US banking group Goldman Sachs has raised $4.2 bn (€3 bn), including leverage, for its second global real estate finance fund - with 50% earmarked for Europe, according to Jim Garman, the London-based co-head of the merchant banking group’s real estate arm.

US banking group Goldman Sachs has raised $4.2 bn (€3 bn), including leverage, for its second global real estate finance fund - with 50% earmarked for Europe, according to Jim Garman, the London-based co-head of the merchant banking group’s real estate arm.

‘We don’t have a prescribed allocation but we expect it to be roughly 50:50 US/Europe given the pipeline of opportunities that we see in those markets. We expect the new fund to be fully-invested within about three years,’ Garman told PropertyEU.
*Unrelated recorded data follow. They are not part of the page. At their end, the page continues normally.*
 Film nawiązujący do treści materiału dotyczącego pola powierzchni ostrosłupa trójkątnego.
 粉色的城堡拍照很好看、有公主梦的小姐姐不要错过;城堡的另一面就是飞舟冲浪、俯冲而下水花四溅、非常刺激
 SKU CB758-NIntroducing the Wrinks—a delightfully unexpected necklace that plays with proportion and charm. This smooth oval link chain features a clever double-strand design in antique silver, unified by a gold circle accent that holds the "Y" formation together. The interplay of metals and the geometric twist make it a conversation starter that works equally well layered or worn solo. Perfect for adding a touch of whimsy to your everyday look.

The fund, Broad Street Real Estate Credit Partners II (RECP II,) has attracted interest from both institutional and private investors. Almost 60% of interest came from US investors, with Europe accounting for almost 40%. The remaining interest came from Asian investors.
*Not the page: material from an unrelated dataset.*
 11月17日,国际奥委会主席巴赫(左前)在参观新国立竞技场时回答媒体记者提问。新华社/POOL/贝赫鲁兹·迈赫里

RECP II will be managed by the real estate group within Goldman Sachs' merchant banking division. The new vehicle will enable Goldman Sachs to underwrite loans for borrowers in Europe for the first time, building on its track record in the US.
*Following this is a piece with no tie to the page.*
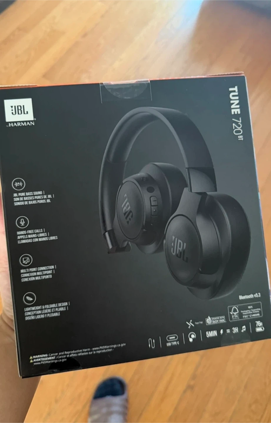 Selling a new pair of JBL Tune 720BT wireless headphones! These headphones are black and come in the original box. They feature pure bass sound and hands-free calls. They also have a lightweight and foldable design, making them easy to carry around. Enjoy up to 76 hours of playtime!

The $4.2 bn war chest comprises $1.8 bn in equity pledges from institutions and wealthy individuals, supplemented by the same amount of leverage as well as $600 mln of the firm’s own money, according to Garman. ‘The fund can invest in all European markets but we expect to look mainly at opportunities in the UK, Germany, France, Spain, Italy and Ireland,’ Garman said. ‘So far, the fund has underwritten loans in the US. We will lend against most asset classes – in our first fund, we’ve made loans against residential, office, hotel and retail properties,’ he added.

Goldman Sachs is launching this fund now due to improving fundamentals in the European debt market, Garman said: ‘The debt market is improving,’ Garman said. ‘However, a lot of the available capital is for lower-risk, core opportunities, whereas our strategy is to provide sponsors with larger loans on more complex assets. The volume of deals is going up, so the overall need for financing has increased. As a result, we think there’s room for a strategy like ours.’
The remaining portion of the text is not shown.